QNN HTP Op Package - Relu Op Example

Overview

This document outlines how to write ops in QNN HTP op package with a basic example of relu op. Here we will go through procedures of writing op implementations, registering ops, defining optimization rules, and registering optimization rules. The source code for this example is located at examples/OpPackage/HTP/ExampleOpPackageRelu.cpp in QNN SDK.

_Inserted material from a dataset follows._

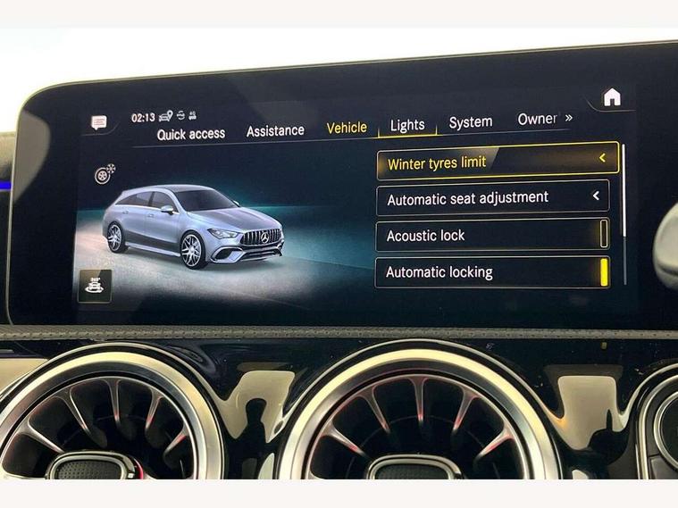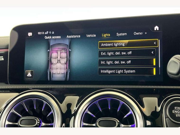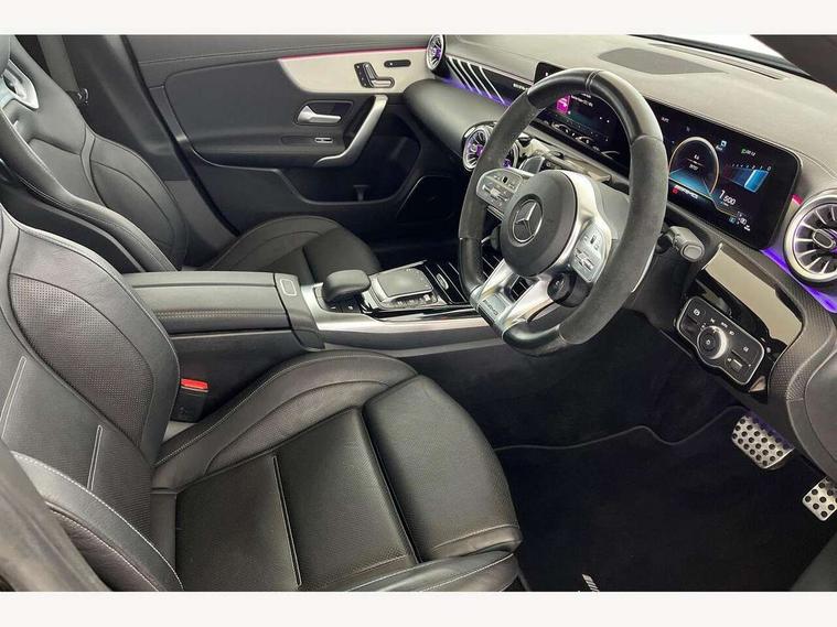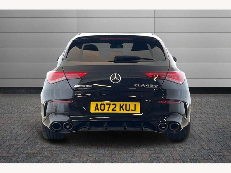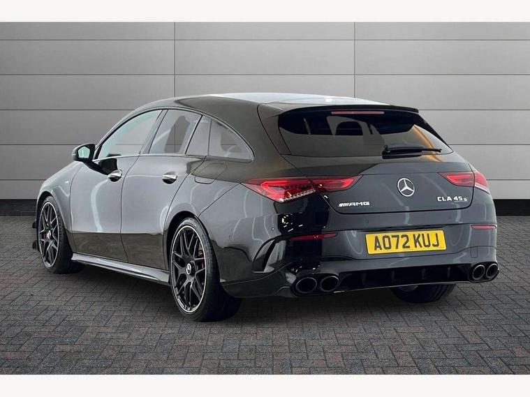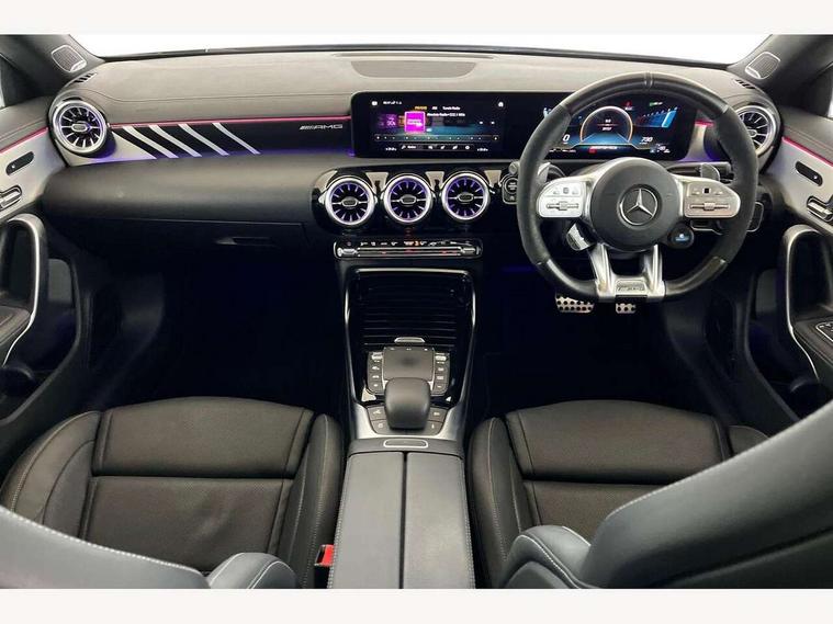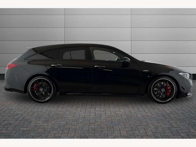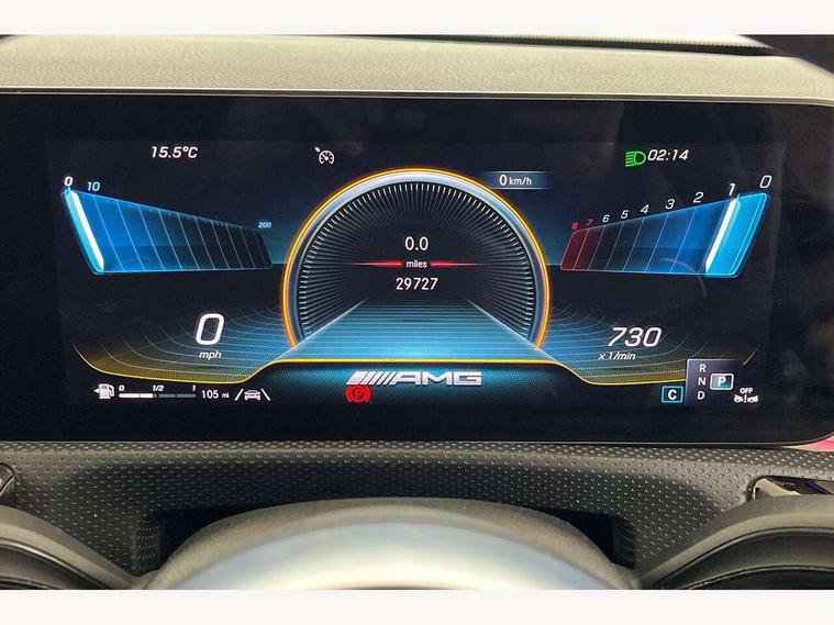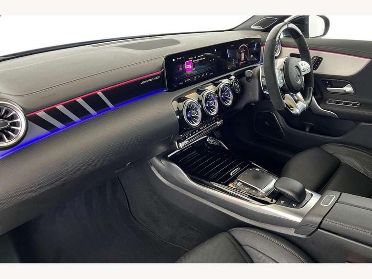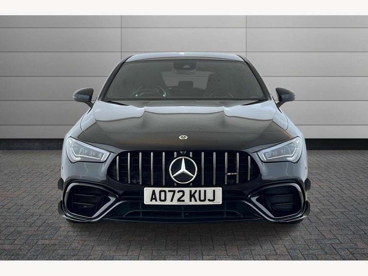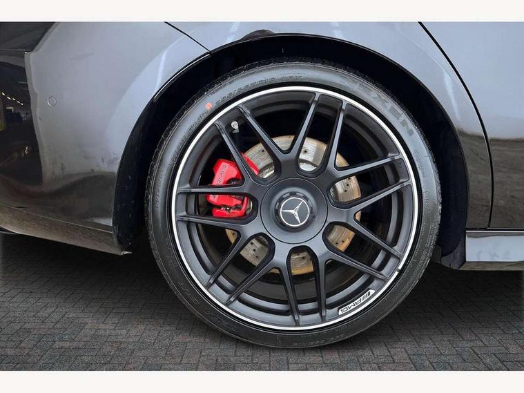 10.25 inch Instrument display with digital cockpit, 10.25 inch touchscreen central media display with AMG specific, AMG start up logo, visualisation of the AMG drive programs, vehicle and engine data, Active lane keeping assist, AMG DYNAMIC SELECT with drive programs Slippery, Comfort, Sport, Sport+, Individual and RACE including Drift mode activated + RACE START function, AMG menu with sporty additional information - Gear indicator with yellow M symbol manual mode, Warm Up menu and Set Up menu, Attention assist - Monitors steering behaviour and long journey fatigue, Blind spot assist, Bluetooth connection, Car wash mode, Cruise control with limiter, Direct steer system with AMG speed sensitive power steering with two sets of steering characteristics, ECO start/stop function, Fluid level warning indicator for fuel, oil, coolant and washer fluid, Hard-disk navigation, Hey Mercedes Voice activation, Lamp failure indicator, Mercedes me connect including emergency call system, accident recovery, breakdown and maintenance management, Mercedes me remote services, Outside temperature gauge, Owners manual and service booklet in English, Pre-installation of private car share, Preinstallation for Mercedes Benz link, Radio aerial integrated into front and rear windshields, Service indicator (ASSYST), Smartphone integration with Apple CarPlay and Android auto, Speed limit assist, Traffic sign assist, Trip computer in multifunction display with current consumption indicator, 4MATIC permanent four wheel drive, AMG performance 4MATIC+ with torque control distribution, Rear axle multi-link, Suspension with adaptive damping system, DAB digital radio tuner, MBUX multimedia system, Mid-range sound system, USB (type C) ports (2) in stowage compartment and 1 in front of centre console, Adaptive brake lights, AMG body styling specific front apron, AMG side sill panels, AMG rear apron, AMG roof spoiler lip, Specific S labelling boot lid + front apron CLA 45, AMG specific radiator grille in high gloss chrome with AMG lettering, AMG specific radiator grille with a wider lower contour and twelve vertical louvres, AMG spoiler lip in body colour, AMG wider side skirts, Automatically controlled exhaust flap, Beltline strips in High gloss Black, Body colour bumpers, Body colour door handles, Chrome weather strip, Diffuser with two vertical twin fins, Electric panoramic sunroof with automatic tilt and convenience closing fuinctions, rain sensor auto closing and electronic roller sunblind, Electric windows, Electrically adjustable and heated door mirrors with integrated LED indicators, Exhaust system with AMG Real Performance Sound (Balanced or Powerful settings), Front apron with horizontal fins in the outer air inlets and stretched lower air inlet, Headlamp assist automatic headlamp activation, Heated glass rear windscreen + timer control, High level LED third brake light, Integrated LED daytime running lights, Interior mirror with black reading lamps and frameless, LED tail lamp, Multibeam LED headlamps with adaptive highbeam assist plus, Privacy glass with dark tinting on rear side windows and rear window, Rain sensing windscreen wipers with two sensitivity settings, Rear fog lamp, Rear side wing doors, Rear wiper, Two round twin tailpipe trim elements each measuring 90 mm in diameter and AMG lettering plus ribbing on the inside of the pipe, Valve control dependent on drive program, Window line trim strip in high gloss black, 3 seat bench in 2nd row, 3 spoke flattened lower sporty design AMG Performance steering wheel with Nappa/DINAMICA microfiber, grip area, 12 clock mark +AMG letter silver chrome, 40:20:40 split folding rear seat backrests, Air conditioning - Two zone thermotronic luxury automatic climate control with display, Air vents with surround in silver chrome, AMG brushed stainless steel sports pedals with rubber studs, AMG centre console decidedly sporty with raised front section, AMG centre console finished with trim in silver chrome, AMG Performance sportily shaped seats with power adjustable front seats, special seat cushions + AMG badge backrests, AMG Steering wheel touch control buttons, Automatic child seat recognition sensor, Black roof lining, Fixed head restraints, Floor mats with stitched AMG lettering, Front centre armrest with stowage, Heated front seats, Illuminated front door sills with changeable cover, Illuminated glove compartment stowage, Interior lighting - 64 colour Ambient lighting, Manually height and reach adjustable steering column, Rear armrest with two integral cup holders for drinks, Silver coloured aluminium gear shift paddles on steering wheel, Single front passenger seat, Stowage compartment in centre console with retractable cover, Sunvisors with illuminated vanity mirrors, Touchpad on center console, Twin front cupholders, Two outer rear seat isofix and top tether child seat fixing points, Aerodynamics pack - CLA, AMG driver's package - CLA, AMG Multi contour seat pack - CLA, AMG Night package - CLA 35/45, AMG performance seat pack (High End) - CLA 45 S 4Matic+ Plus, Keyless go pack - CLA, Light and sight pack - CLA, Mirror pack - CLA, Parking package - CLA, Seat comfort pack - CLA, Active bonnet pedestrain safety measure which detects an impact and raises bonnet by 65mm, Active brake assist includes forward collision warning system with autonomous braking, Adaptive brake assist with hold function and hill start assist, AMG high performance brake system with red painted brake callipers and black AMG lettering at the front, ventilated and perforated brake discs, Anti lock braking system (ABS) with brake assist, Black seat belts, Bonnet with power domes, Brake pad wear warning indicator, Childproof locks manually operated for rear doors and electrically operated for rear power windows, Crash responsive emergency lighting, Driver and front passenger head and sidebags, Driver and front passenger windowbags, Drivers knee airbag, Dual stage driver and front passenger airbags, E

For detailed descriptions about writing op implementations, defining optimization rules, specifying op parameter orders, please read implementing_ops.html. In additon, optimization_grammar.html provides more information on defining optimization rules.

Writing Relu Op

ExampleOpPackageRelu.cpp contains a standard Relu op, one variation of Relu op called ReluMinMax which clips data to a specified range, and another variation of Relu op called ReluTableGen which can be used with tableLookup. The standard Relu op demonstrates the basics of reference op implementation, for example, tensor reading and writing. ReluMinMax op consists of optimized implementation which heavily depends on HVX. ReluTableGen serves as a faster alternative of Relu op, it leverages lookup table to achieve fast lookups. Besides, there are many optimization rules associated with relu, these rules are used to convert, split and optimize graph around relu, thus best performance can be achived.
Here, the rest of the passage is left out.